- _Brief_
The answer is to be the lines below that lie between the line holding "Description: A group" and the line holding "[다산직영원] 중등부 2025 2학기 기말고사 성적우수자 축하합니다!!", inclusive, transcribed exactly and free of pictures.

- _Dataset_
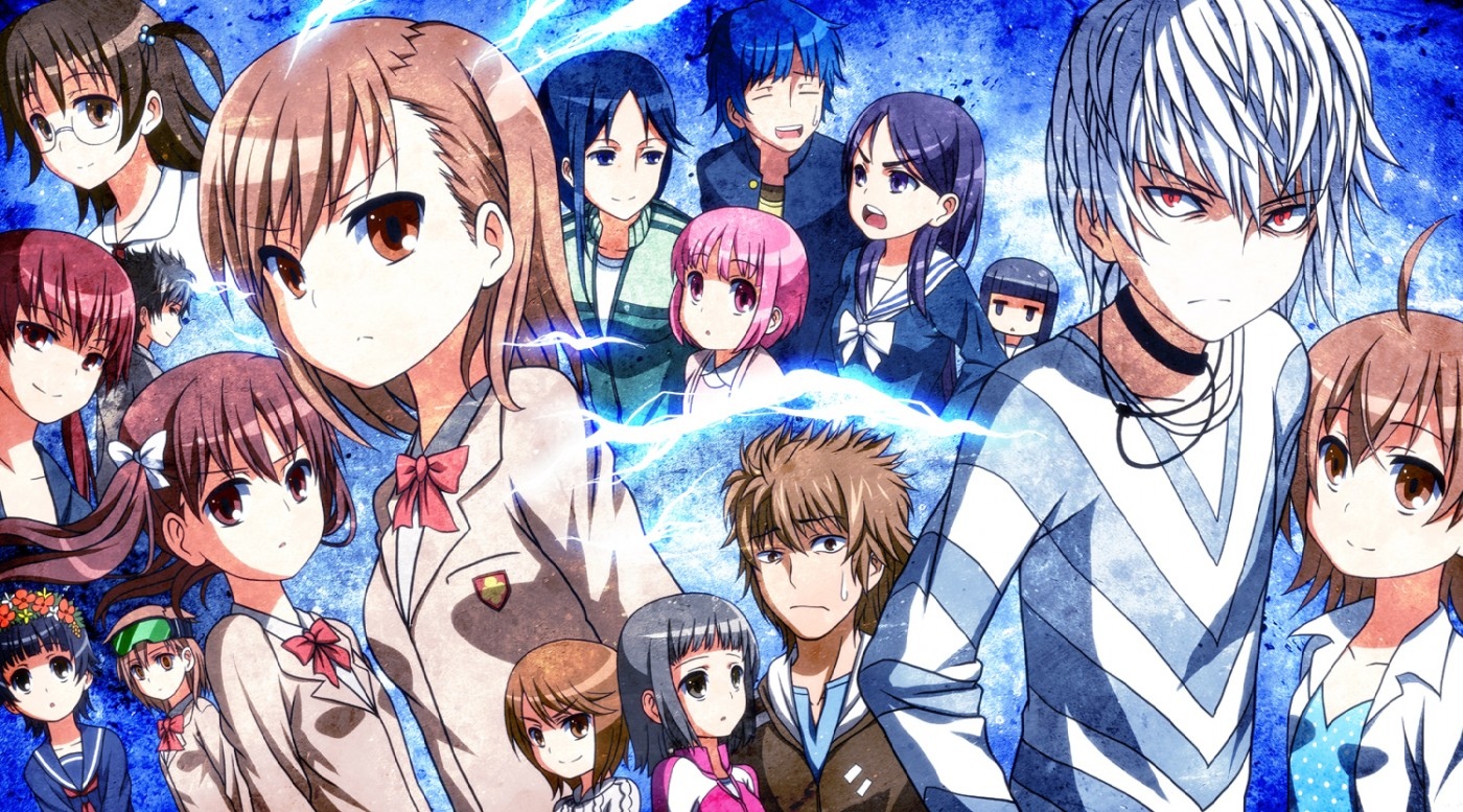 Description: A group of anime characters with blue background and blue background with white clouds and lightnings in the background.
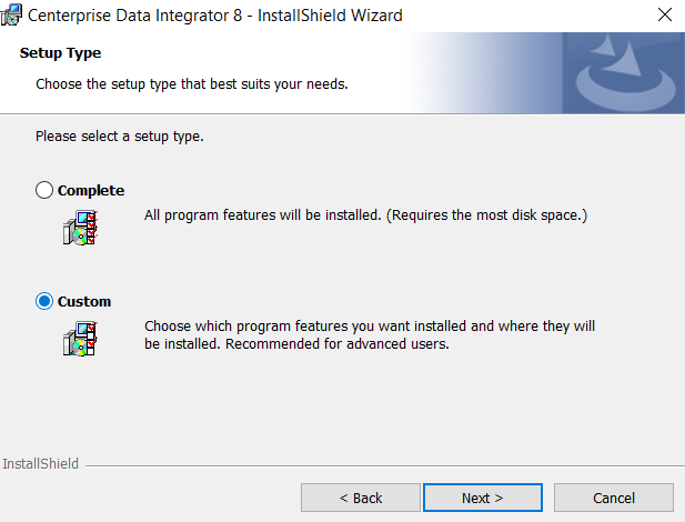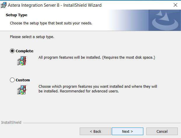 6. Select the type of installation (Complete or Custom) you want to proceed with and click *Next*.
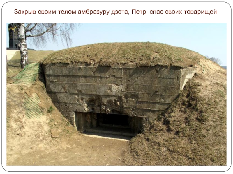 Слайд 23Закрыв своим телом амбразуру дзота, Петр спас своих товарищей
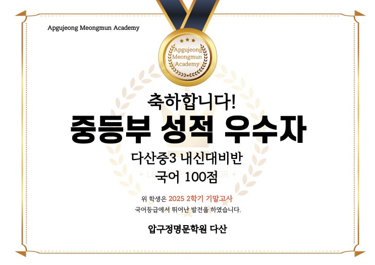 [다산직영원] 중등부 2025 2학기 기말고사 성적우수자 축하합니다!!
==
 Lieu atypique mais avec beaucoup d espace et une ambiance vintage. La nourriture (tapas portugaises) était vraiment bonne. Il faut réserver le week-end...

- _Task result_
 Description: A group of anime characters with blue background and blue background with white clouds and lightnings in the background.
 6. Select the type of installation (Complete or Custom) you want to proceed with and click *Next*.
 Слайд 23Закрыв своим телом амбразуру дзота, Петр спас своих товарищей
 [다산직영원] 중등부 2025 2학기 기말고사 성적우수자 축하합니다!!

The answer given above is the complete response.